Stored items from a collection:

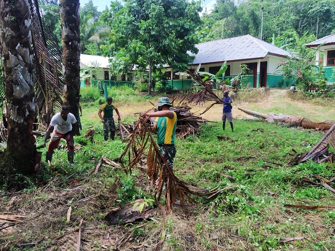 KEEROM | TRANSPUBLIK.co.id – Satgas Pamtas RI-PNG Yonif Mekanis Raider 413 Kostrad Pos Skamto bersama perangkat Sekolah membersihkan Lingkungan SD Inpres Yowong yang terletak di Kampung Yowong Distrik Arso Barat Kabupaten Keerom.
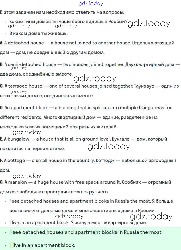 На страницах сайта gdz.today вы найдете учебный и вспомогательный материал, направленный на улучшения знаний школьной программы. ГДЗ - онлайн мир знаний Решение к Unit 11. Homes and houses Часть 2 8 Учебнику по Английскому языку для 6 класса Вербицкая, Гаярделли Вентана-граф Forward 2017
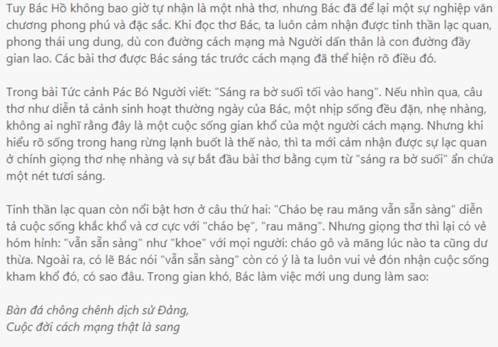 + Chữ “sang” tưởng như trái ngược lại hoàn toàn với hoàn cảnh khắc nghiệt, thiếu thốn ở 3 câu thơ đầu nhưng với một con người như Bác, thì đó lại là lời kết luận cho tất cả, bởi sống giữa thiên nhiên núi rừng Pác Pó, sống dưới bầu trời của dân tộc chính là điều “sang” nhất trong cuộc đời cách mạng của Bác.
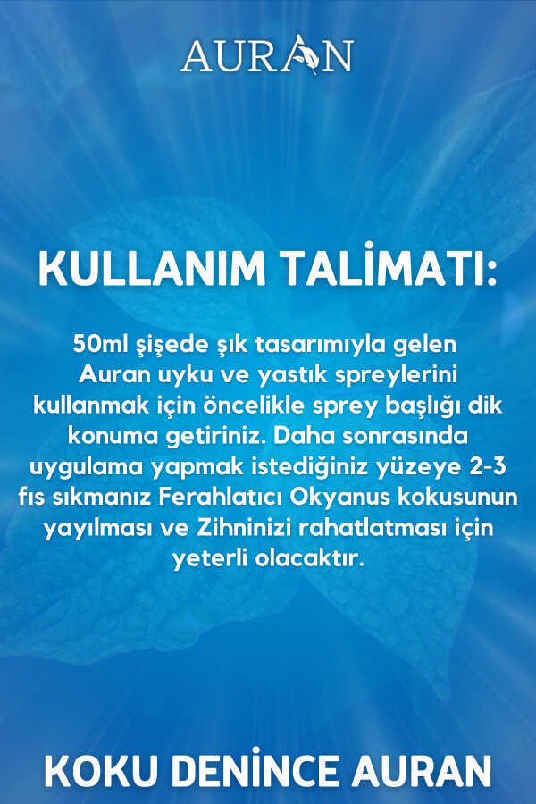Gelince Haber VerYoğun bir günün ardından yatağa uzanıldığında, rahat bir uykuya hızla dalmak herkesin hayalidir. Auran Uyku ve Yastık Spreyleri bu hayalinizi gerçekleştirebilmek için özel olarak tasarlandı. Doğal yağların karışımları ile elde edilen eşsiz formülü sayesinde, yastığınıza veya çarşafınıza sıktığınız ilk andan itibaren, bedeninizi ve zihninizi sakinleştirir. Auran Uyku ve Yastık Spreyleri Her solukta doğanın dinginleştirici gücüne bir kez daha hayranlık duymanızı sağlar. Kumaş yüzeylerde tutunma özelliği yüksek koku molekülleri sayesinde, ortalama 8 saate kadar etkilidir, ayrıca 3 yaş ve üzeri tüm bireylerde güvenle kullanıma uygundur. Auran Uyku ve Yastık Spreyleri ile uyandığınız sabahlarda, kesintisiz ve kaliteli bir uyku deneyimi yaşadığınız için sabahları yenilenmiş bir zihin yapısı ve bedenle uyanırsınız. Bu sayede kendinizi daha dinç ve enerjik hissedersiniz. Bu his gününüzü daha dinç ve verimli geçirmenizi sağlar. Auran Uyku ve Yastık Spreyleri ile her solukta huzurun derinliklerine doğru yolcuğa çıkın.
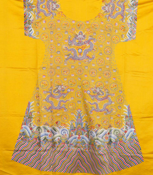 清乾隆明黃色緞地緝米珠繡龍袍料
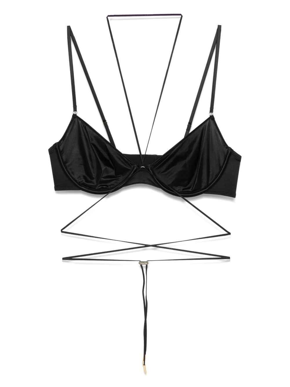 黑色 弹性设计 缎面光泽 半透明设计 钩眼扣 带钢圈文胸 可调式细肩带
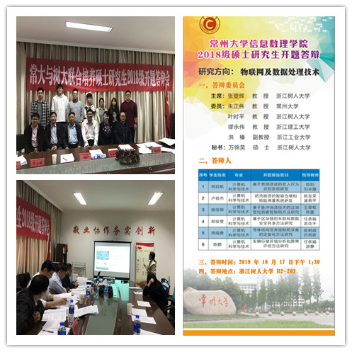 10月17日下午,常州大学与树人大学联合培养2018级硕士研究生(研究方向为物联网及数据处理技术)论文开题答辩会在公海gh555000aa线路检测B2-203会议室举行,此次参与答辩的6位硕士研究生为公司信息学院2018届毕业生。答辩委员会由校外和校内专家共5名委员组成。浙江树人大学教授张登辉担任本次答辩委员会主席并主持会议,分别邀请常州大学信息工程学院经理朱正伟教授、浙江树人大学叶时平教授、浙江理工大学缪永伟教授、浙江工业大学洪榛博士担任答辩委员会委员。
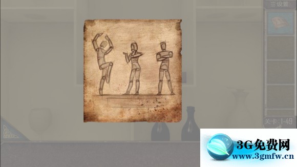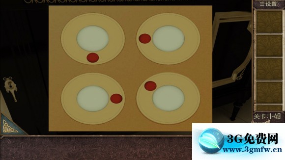 第二步:餐厅左边墙上找到个暗格,按照里面提示摆弄小人,得到子弹
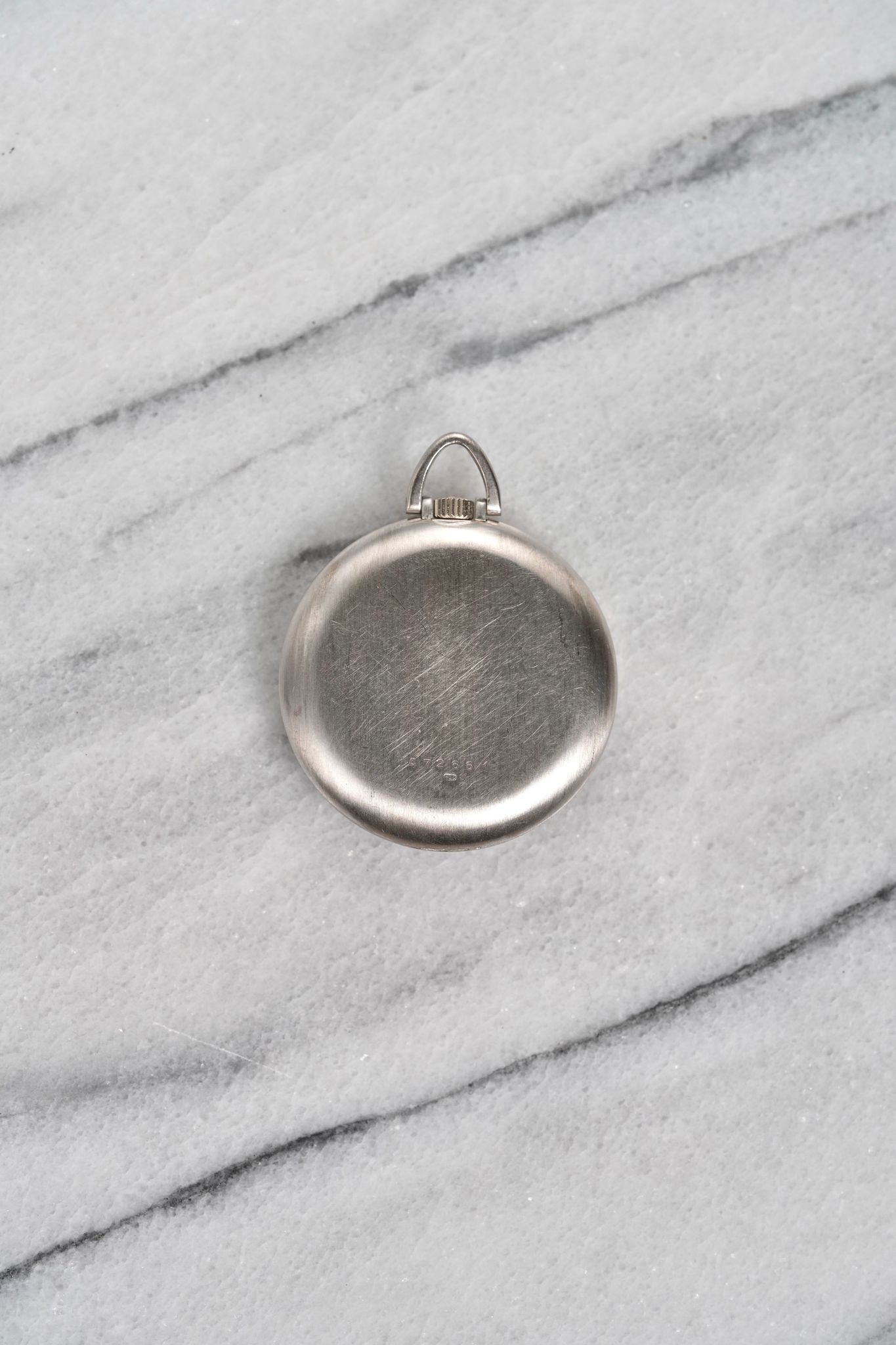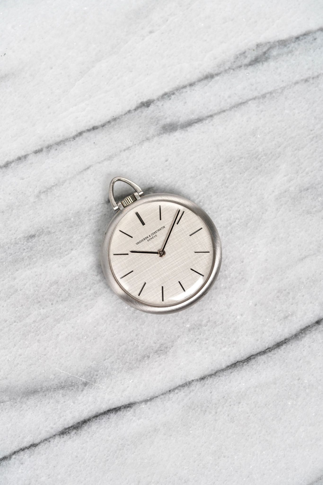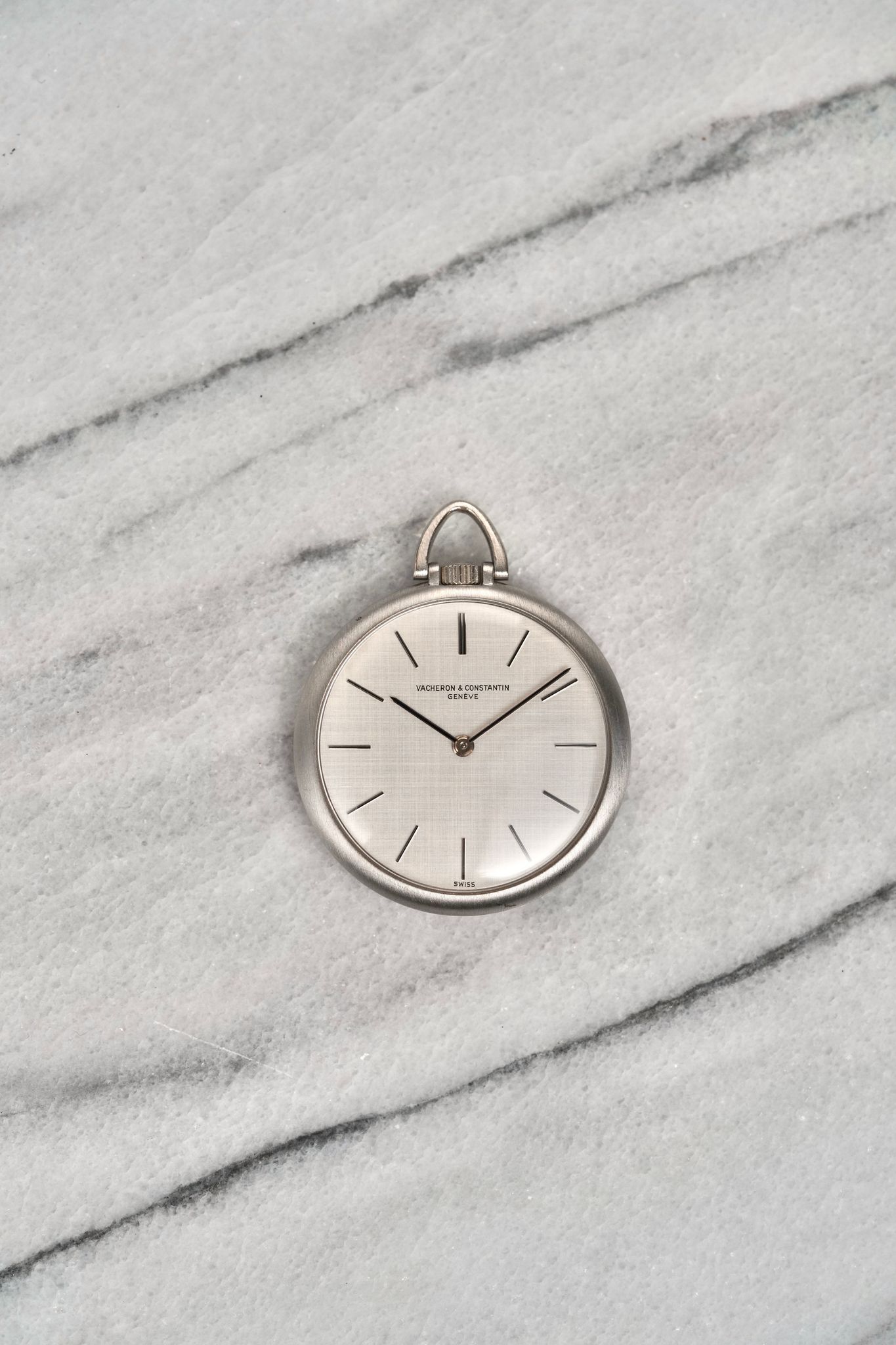 Here’s a Vacheron Constantin pocket watch manual wind in 18K white gold with a silver linen dial from the 1970s. Measurements include a 33mm case. Matching stick hands and hour markers. 26.4 grams. In honest condition Original case, dial, bracelet, and movement. Fully functional and keeping time.

● Your task
Print nothing except the lines above from the one containing "黑色 弹性设计 缎面光泽 半透明设计 钩眼扣 带钢圈文胸 可调式细肩带" down to the one containing "第二步:餐厅左边墙上找到个暗格,按照里面提示摆弄小人,得到子弹", both included, exactly as written and free of pictures.

● Solution below
 黑色 弹性设计 缎面光泽 半透明设计 钩眼扣 带钢圈文胸 可调式细肩带
 10月17日下午,常州大学与树人大学联合培养2018级硕士研究生(研究方向为物联网及数据处理技术)论文开题答辩会在公海gh555000aa线路检测B2-203会议室举行,此次参与答辩的6位硕士研究生为公司信息学院2018届毕业生。答辩委员会由校外和校内专家共5名委员组成。浙江树人大学教授张登辉担任本次答辩委员会主席并主持会议,分别邀请常州大学信息工程学院经理朱正伟教授、浙江树人大学叶时平教授、浙江理工大学缪永伟教授、浙江工业大学洪榛博士担任答辩委员会委员。
 第二步:餐厅左边墙上找到个暗格,按照里面提示摆弄小人,得到子弹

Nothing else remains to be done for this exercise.